Within the TME, hypoxia orchestrates metabolic, vascular, stromal, and immune alterations that drive defects in innate and adaptive antitumor immunity. These changes foster immune evasion, restrict drug delivery, and facilitate tumor progression, thereby positioning hypoxia as a major barrier to both chemotherapy and immunotherapy, including ICIs.

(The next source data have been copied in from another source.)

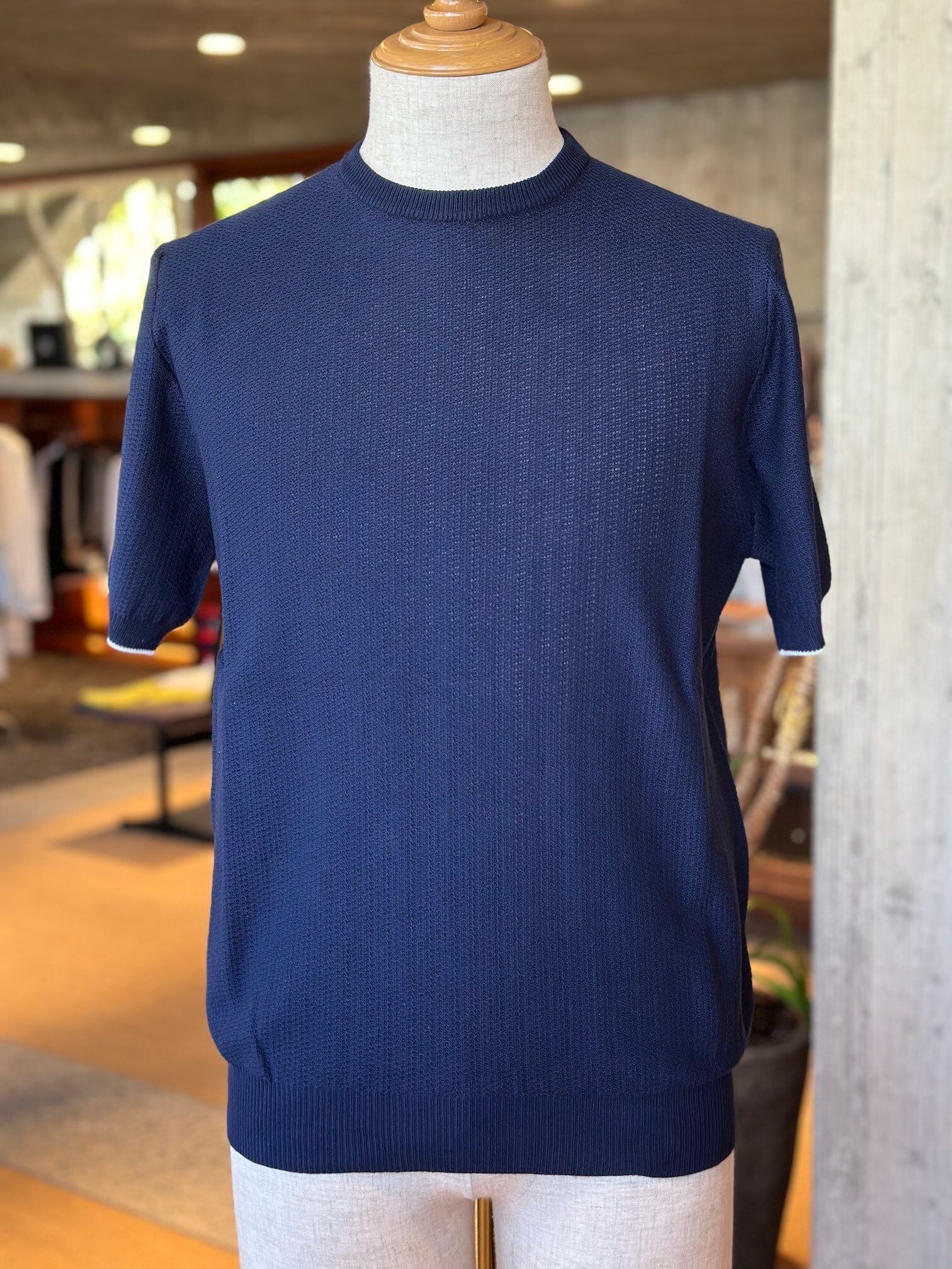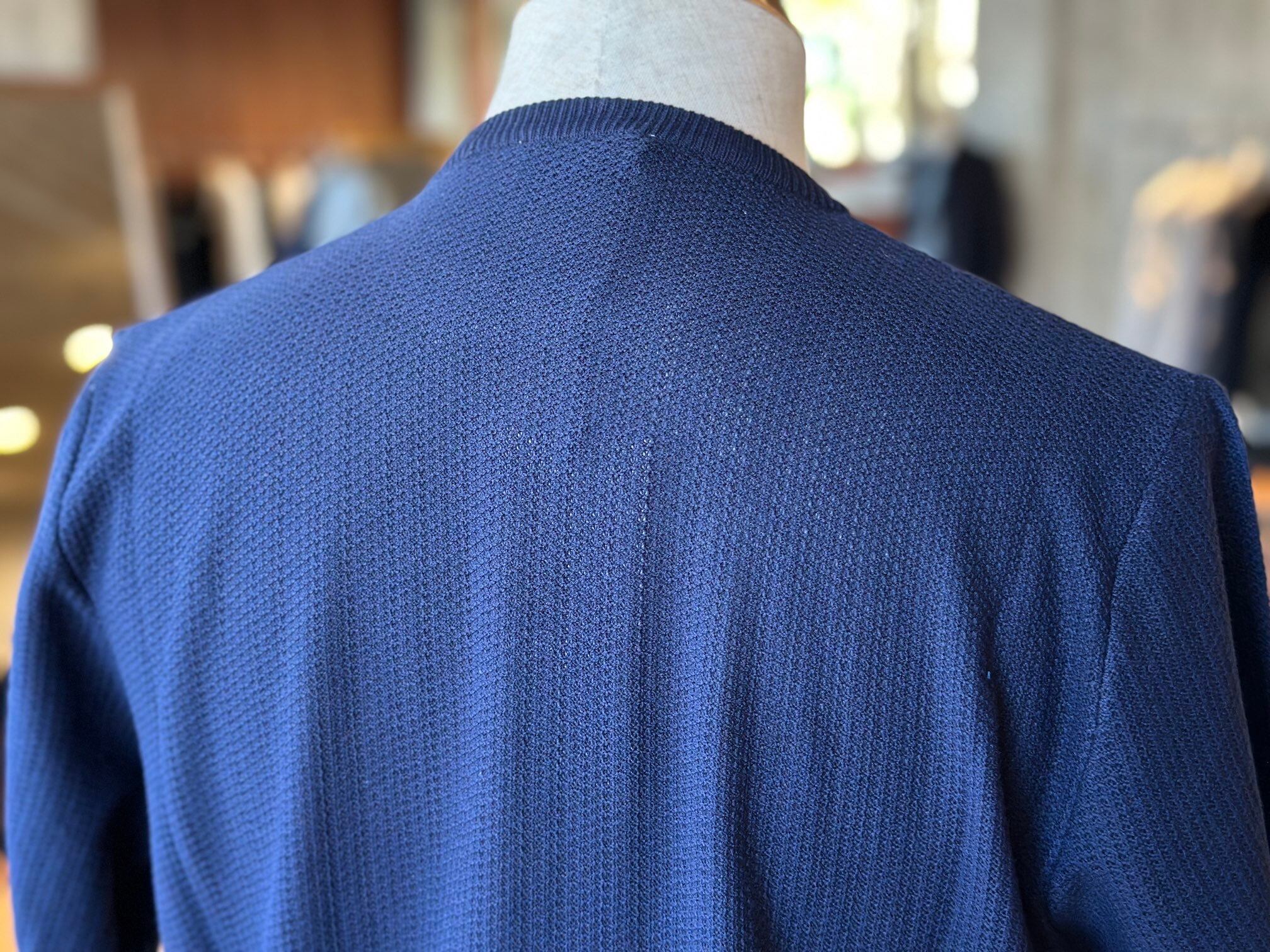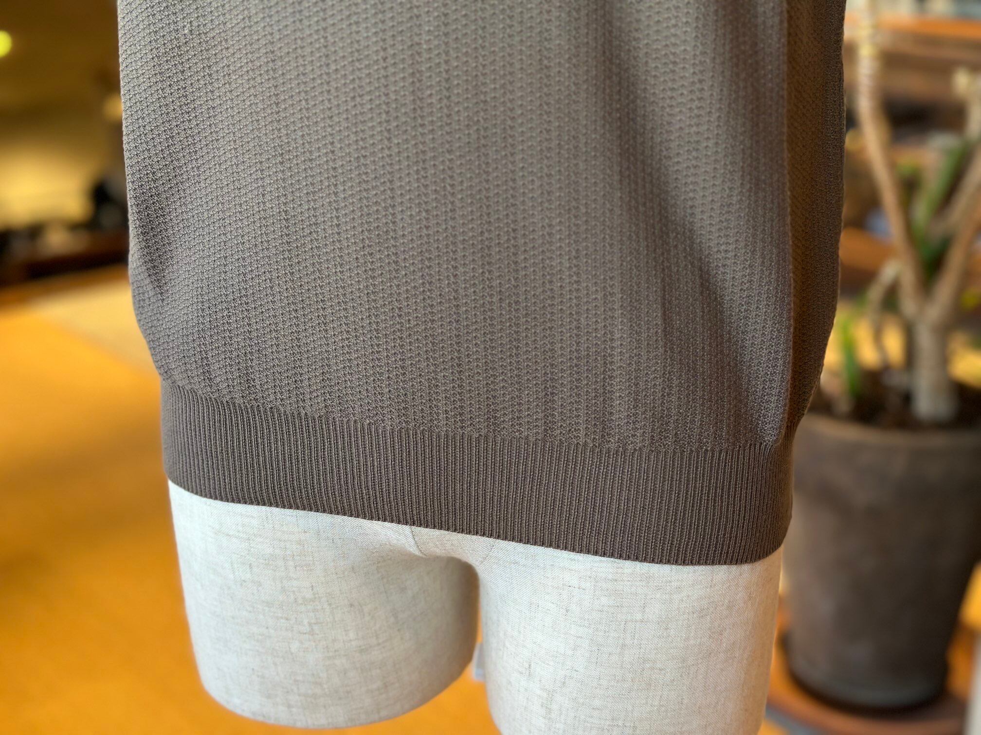 なかでも素材開発をとても重要な要素と捉えており、サマーシーズンはアイス鹿の子やエジプシャンコットン、ウインターシーズンはラムズウールやアルパカを重用しつつ、これらの素材にウォッシュ加工や圧縮加工を行うことで独特の風合いと着心地を実現しています。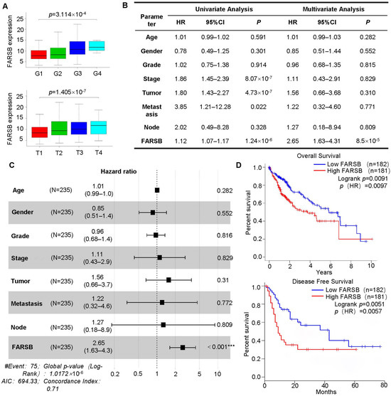 A high expression of FARSB is associated with a poor prognosis of patients. (A) The correlation between FARSB mRNA level, tumor grade and TMN stage in the TCGA-LIHC dataset. In the (B,C) TCGA-LIHC dataset, Cox regression analysis was performed on the clinical correlation data, and the forest plot was drawn with the data in the table (n = 235). (D) The TCGA-LIHC dataset was used for patient survival analysis, including overall survival and disease-free survival. ***: p < 0.001.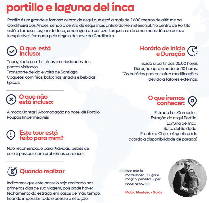 Portillo, no inverno, passa mais dias com o caminho/estrada fechado do que aberto, infelizmente. Também é meu passeio favorito, mas quando tem nevasca na Cordilheira dos Andes, as autoridades chilenas fecham as estradas para a segurança dos turistas. E se você não sabe dessa informação, você acaba deixando para o último dia e corre o risco de não conseguir realizar o passeio.
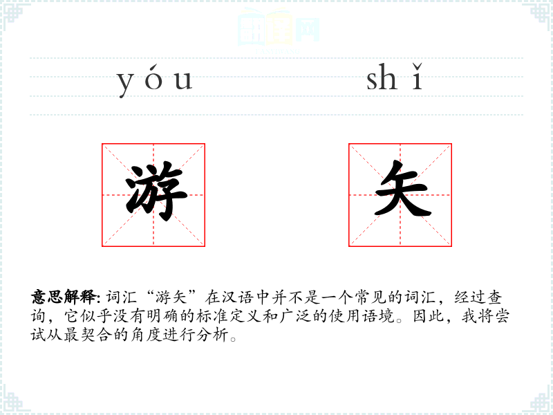 对于“游矢”这个词汇,由于其不是标准词汇,理解和应用都较为有限。在语言学习和表达中,它可能更多地被用作创意表达或特定语境下的象征意义。

A broad array of hypoxia-directed interventions has emerged, including HIF-1α/HIF-2α inhibitors, hypoxia-activated prodrugs, vascular normalization and oxygen delivery strategies, as well as hypoxia-adapted cellular and oncolytic platforms. While HIF-2α inhibitors have validated the HIF pathway as a druggable axis in clear cell renal cell carcinoma, the wider expression and foundational role of HIF-1α in many solid tumors underscore the need for approaches that target both isoforms, particularly in hypoxic, stroma-rich malignancies such as PDAC. Agents that alleviate hypoxia at its source, such as the allosteric hemoglobin effector ITPP, are particularly attractive because they simultaneously reoxygenate tumors, dampen HIF-1α/2α signaling, normalize aberrant vasculature, and resensitize cancers to cytotoxic therapies and ICIs.

A persistent obstacle to clinical translation of hypoxia-targeted strategies in PDAC is the lack of robust hypoxia biomarkers capable of capturing the spatial and temporal heterogeneity of tumor oxygenation and predicting benefit from hypoxia-targeted therapies. Functional imaging, exogenous tracers, and immunohistochemistry have provided important insights but are limited by technical variability, whereas hypoxia gene signatures offer a promising route to stratify patients, refine prognosis, and link hypoxic burden to immune features of the TME.

Integrating hypoxia alleviation with immune checkpoint blockade, guided by dynamic hypoxia biomarkers and PDAC-specific gene signatures, may convert an immune-cold, hypoxia-adapted tumor into a more immune-responsive disease and transform hypoxia from a fixed liability into a modifiable determinant of treatment success.